*** STORED DATA ***

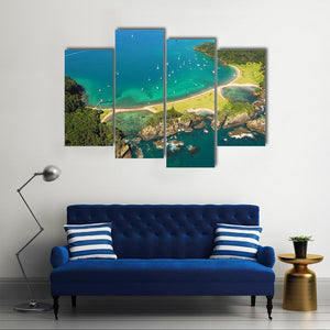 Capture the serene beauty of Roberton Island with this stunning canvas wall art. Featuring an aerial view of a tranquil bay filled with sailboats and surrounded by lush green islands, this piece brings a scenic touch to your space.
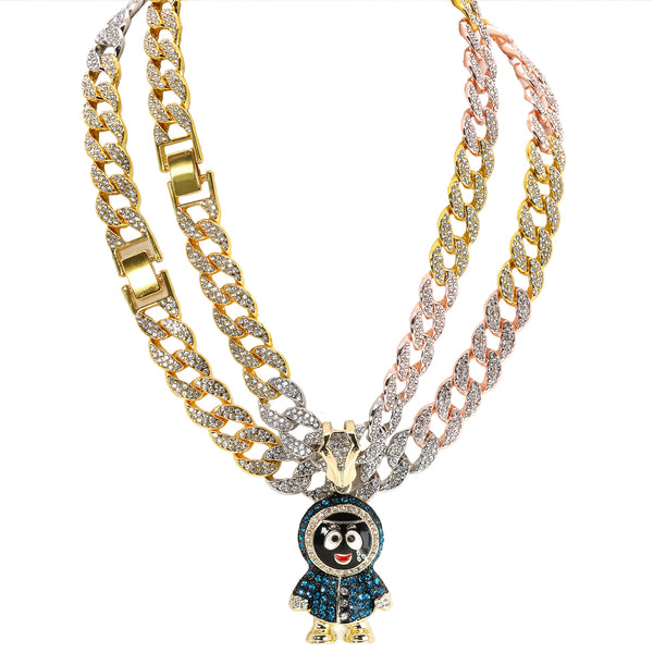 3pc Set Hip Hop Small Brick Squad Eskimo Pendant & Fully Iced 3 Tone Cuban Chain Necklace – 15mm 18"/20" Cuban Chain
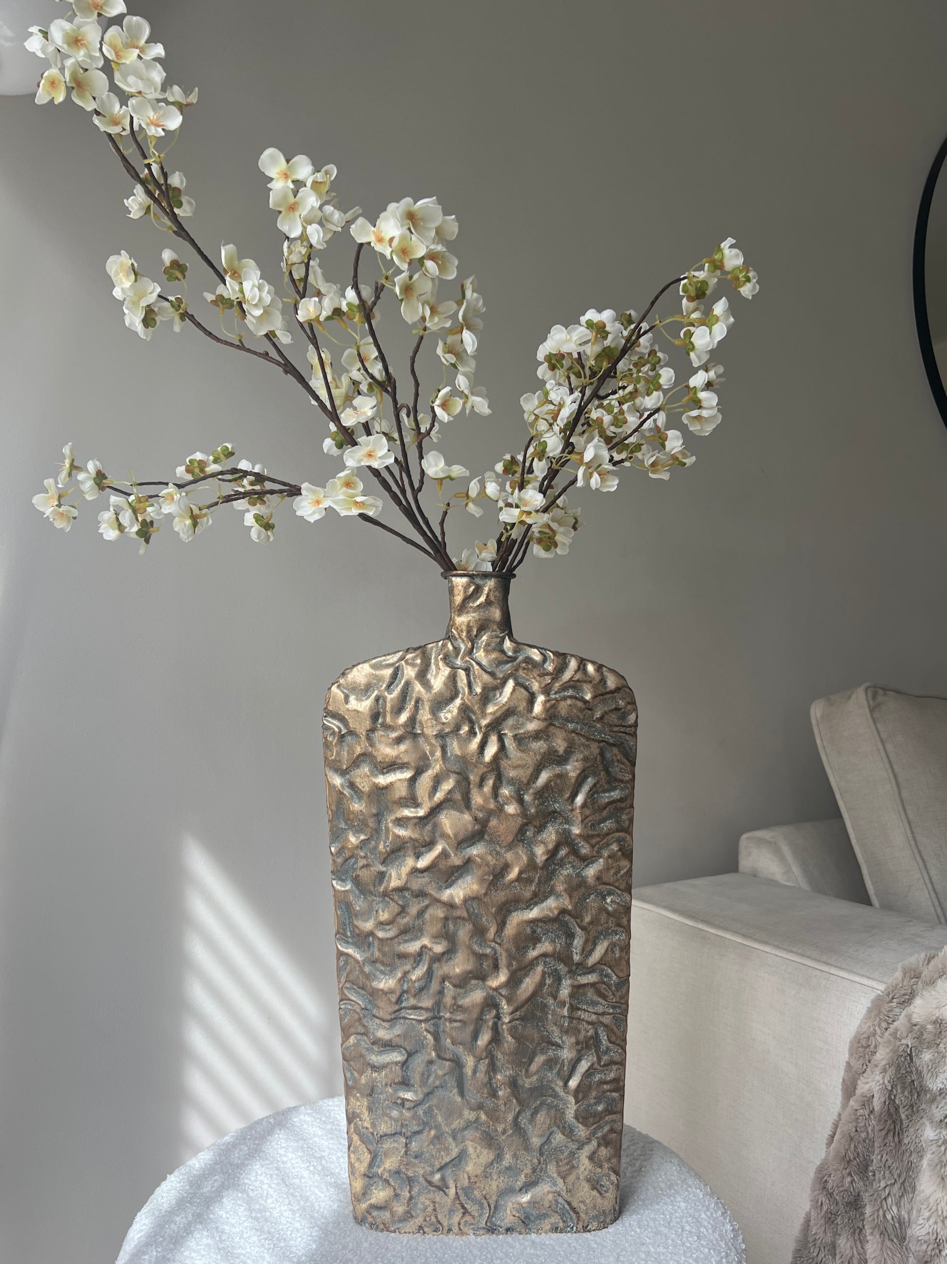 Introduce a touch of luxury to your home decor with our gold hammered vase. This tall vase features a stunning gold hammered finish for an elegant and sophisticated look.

*** End of STORED DATA ***

WHAT THE EXERCISE ASKS:
The data must be printed exactly, image-free.

TASK RESPONSE:
 Capture the serene beauty of Roberton Island with this stunning canvas wall art. Featuring an aerial view of a tranquil bay filled with sailboats and surrounded by lush green islands, this piece brings a scenic touch to your space.
 3pc Set Hip Hop Small Brick Squad Eskimo Pendant & Fully Iced 3 Tone Cuban Chain Necklace – 15mm 18"/20" Cuban Chain
 Introduce a touch of luxury to your home decor with our gold hammered vase. This tall vase features a stunning gold hammered finish for an elegant and sophisticated look.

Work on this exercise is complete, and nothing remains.